These obligations to “speak out” are particularly important, because there is a significant risk that policy-makers and members of the public will mis-interpret or mis-understand scientists’ silence on various hypotheses as evidence that those hypotheses are not well-enough established to warrant action. Consider, for example, Lord de Mauley, the UK environment minister, who justified the UK government’s vote against an EU-wide ban on neonicitinoids as follows: “having a healthy bee population is a top priority for us but we did not support the proposal because our scientific evidence doesn’t support it” (quoted in Carrington 2013). It seems plausible that de Mauley is confusing the claim that “scientific evidence” does not suffice to treat this claim as “scientifically proven” with the claim that “scientific evidence does not suffice to treat this claim as well-enough established for policy”. It seems that, in virtue of their more general civic duties, scientists have an obligation to prevent and pre-empt such confusions through “speaking out”.

Even if, as I have claimed, the “high standards obligation” should govern scientists’ public claims, clearly this does not exhaust the ethics of scientific communication. Rather, we must also recognise scientists’ obligations to employ floating standards in private contexts and their obligations to speak out in “quasi-private” contexts. I take the claim that scientists might be under such obligations to be (relatively) uncontroversial. The key issue, however, is how we might construct institutions which allow scientists to meet these obligations at the same time as ensuring that they might maintain high standards in public communication.
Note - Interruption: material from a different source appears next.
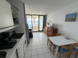 Une pièce de vie chaleureuse : Salon avec coin cuisine équipé. Une terrasse panoramique : Le clou du spectacle ! Un espace extérieur idéal pour vos repas face au Lac Marin, offrant des couchers de soleil spectaculaires sur la chaîne des Pyrénées. Côté nuit : Une chambre confortable avec un grand lit. Salle de bain : Fonctionnelle, avec baignoire et WC. Commodités : Parking résidentiel au pied de l'immeuble.

I am no expert in institutional design, but note here two reasons to think that creating institutions which promote these goals is likely to be both practically and morally complex.

The first set of potential problems concerns the institutionalisation of the FSO in “private contexts”. One problem here—already flagged above—is that even when scientists have a specific audience for their research, different members of that audience might have different proper standards for acceptance. It is unclear, for example, how to ensure that scientists at EFSA employ the standards proper to “their” audience—EU policy-makers—given the widely different contexts of agricultural policy in different member states. A second problem arises because there may be actors who are not the intended audience of private communication, but who have a valid interest in being able to predict how scientists decide what to communicate in those contexts. For example, in relating her proposals to practice, Douglas (2009, Chap. 7) discusses the “inference guidelines” supplied by the US National Research Councils, which mandate inferences from evidence of chemicals’ toxicity in animals to claims about their toxicity in humans. In my terms, these guidelines seem to tell scientists to use “low epistemic standards” for assertion, as they recommend cross-species extrapolations which are known to be epistemically problematic. Given that NRC-funded scientists are typically communicating in a “private context” this practice may be in-line with the demands of the FSO. However, as Douglas notes, formulation of these guidelines was plagued by debate over the freedom scientists should have to change their testing practices on a case-by-case basis, because of fears that this would make the testing regime opaque and unpredictable (2009, p. 144). Clearly, other members of the community—such as industrial or charitable actors—do have some reasonable interest in transparent and predictable regulatory decisions. Therefore, even in private contexts such as regulatory agencies, there may be a difficult trade-off to be struck between moral sensitivity and broader social co-ordination. Even if we can justify institutions which allow for “low” standards, there may be restrictions on whether these standards should also be allowed to vary.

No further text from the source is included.